One Chinese diplomat said that increased German defense spending and a weaker Russia could end up emboldening Europe's push for what French President Emmanuel Macron has called "strategic autonomy," opening up the possibility that Europe could split with the U.S. over China ties. Another said it's too early to tell what the long-term implications of the conflict will be, but that China is ready to compete with the U.S. in Asia either way.

Not all Biden administration officials are in lockstep behind the idea that events in Ukraine will help the U.S. One senior official said there's still potential the U.S. will double down on Europe at the expense of Asia, a tendency that could be reinforced by Ukraine.
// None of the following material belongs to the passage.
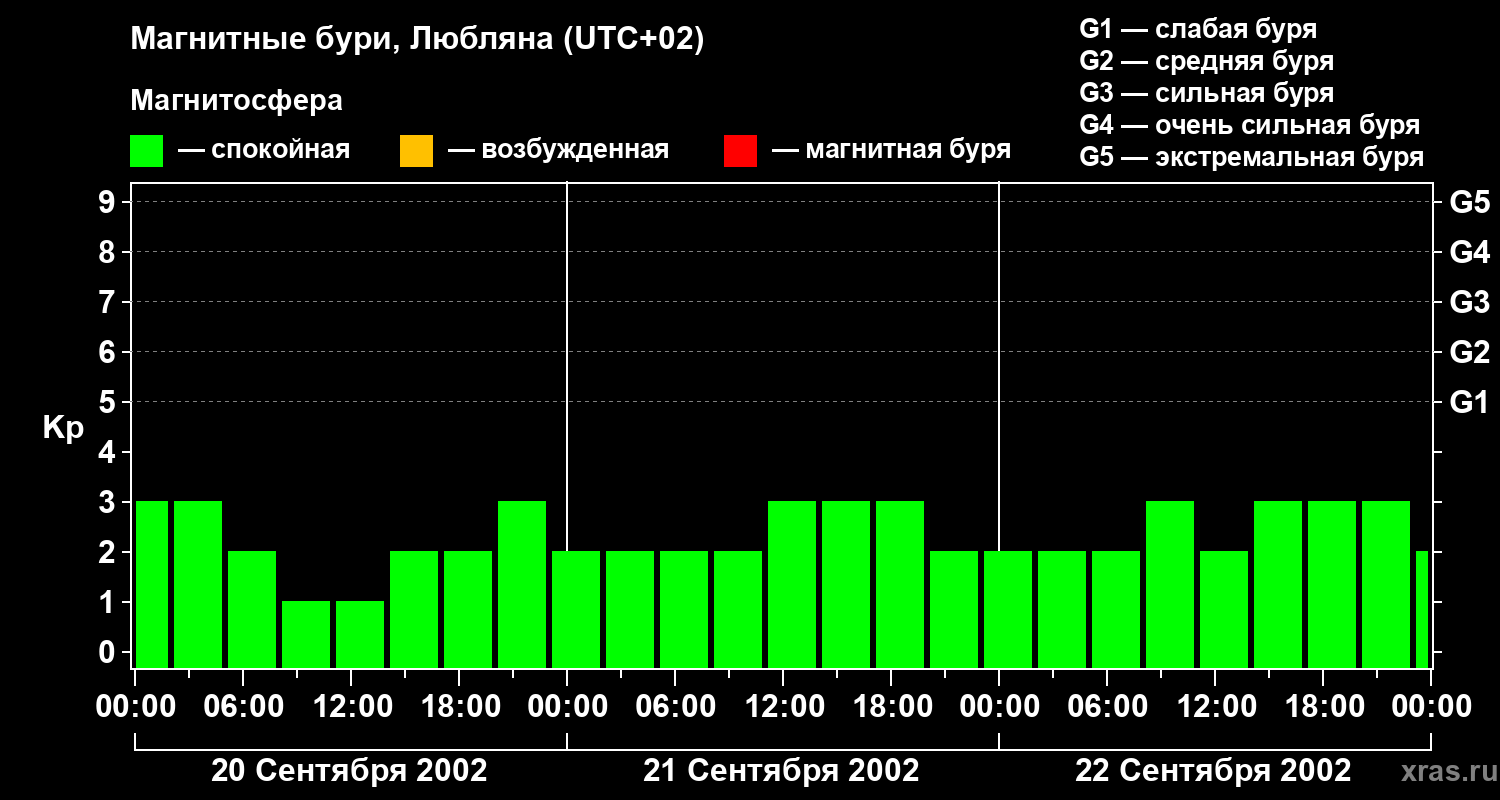 Изменения геомагнитного индекса Kp с 20 по 22 сентября 2002 года для средних широт
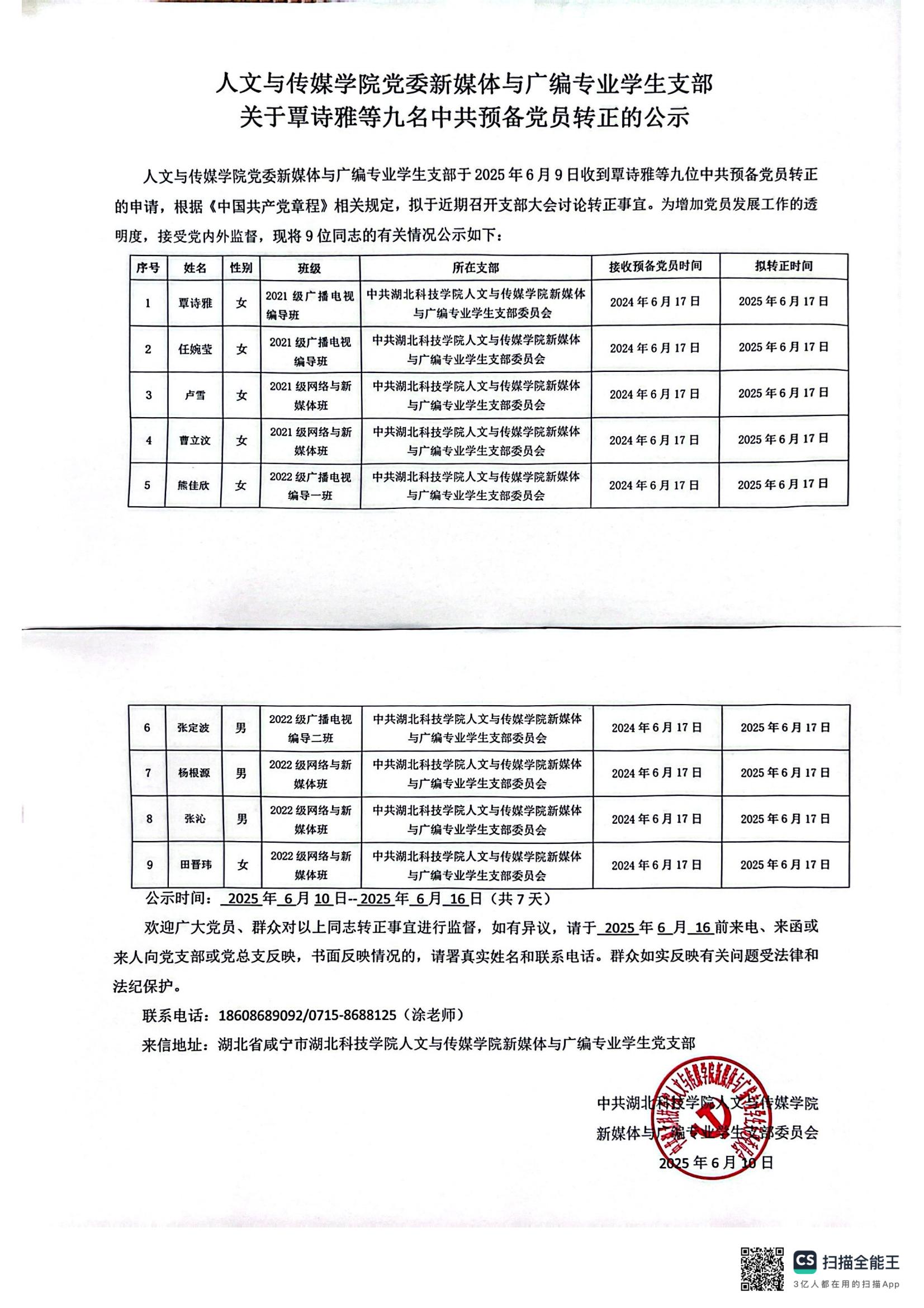 tyc7111cc太阳成集团党委新媒体与广编专业学生支部 关于覃诗雅等九名中共预备党员转正的公示

The person said the still-uncertain outcome of the conflict will be crucial to determining what happens.

Even if Russia — which has faced major downturns in the past including the collapse of the Soviet Union and an economic crisis in the late 1990s — emerges from the Ukraine war weaker, it will remain a nuclear power, one with a predilection for unpredictable behavior.

China "doesn't need a strong Russia, they just need a surly Russia that keeps the U.S. worried," said Daniel Russel, a former assistant secretary of State for East Asian and Pacific Affairs in the Obama administration. "You'd have to believe that Putin was going to stop being a serious mischief maker to believe that leaving Putin management to Germany would be plausible."